南天苑は、堺市の『大浜潮湯』別館(家族湯)が室戸台風で倒壊した後、天見に移築されたもので、当初は大阪市阿倍野の料亭「松虫花壇」の別館として使用されていました。
1949年には温泉旅館「南天苑」として開業し、建物は数寄屋風入母屋造木造2階建の大規模なもので、和風と洋風モダンの意匠が融合した貴重な建築物です。敷地面積は3000坪で、日本庭園が設えられています。
国の登録有形文化財に指定された建物内では、古き良き日本を感じることができます。
紀見峠は古くから高野山参拝に利用され、多くの人々が訪れた場所です。南北朝時代には近隣の流谷八幡神社の宮司が、病弱な人々のために湯治場を開設し、大いに評判となりました。
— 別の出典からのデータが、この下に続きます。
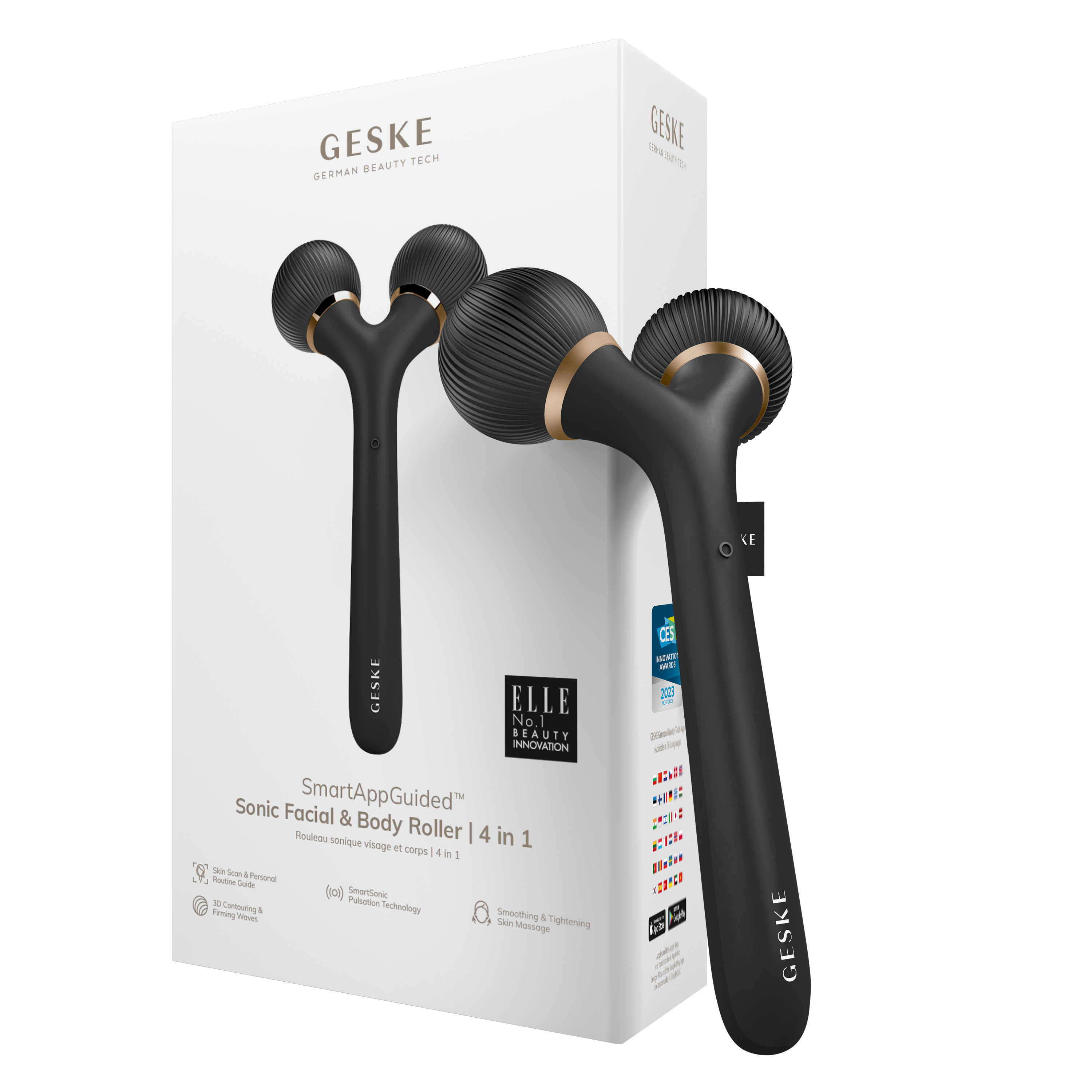 The GESKE Sonic Facial & Body Roller 4-in-1 is a multi-purpose beauty tool designed to firm, tone, and refresh your skin from head to toe. Using sonic pulsations, micro-vibration massage, and targeted contouring technology, this device helps boost circulation, reduce puffiness, and improve skin elasticity. Whether you're looking to define facial contours, relax muscle tension, or enhance product absorption, this roller delivers a luxurious spa-like experience in just minutes. Say goodbye to dull, tired skin and hello to a smoother, firmer, more radiant glow!

流谷極楽寺が建立され、参拝客らは極楽寺を参拝してから高野山に参ることが慣習となり、極楽温泉などと呼ばれるようになりました。
しかし神社が焼失し、極楽寺にあった極楽湯室も類焼してしまい、全てが失われました。その後、再建されずに廃湯となり、遺跡のみが残りました。
1935年になって当時の天見温泉の見取り図が発見されたことで、地元では天見温泉再興の気運が高まり、1949年に温泉旅館「南天苑」が開業しました。
かつては高野参詣の旅人で賑わった地域であり、四方を金剛葛城山系の豊かな自然に囲まれています。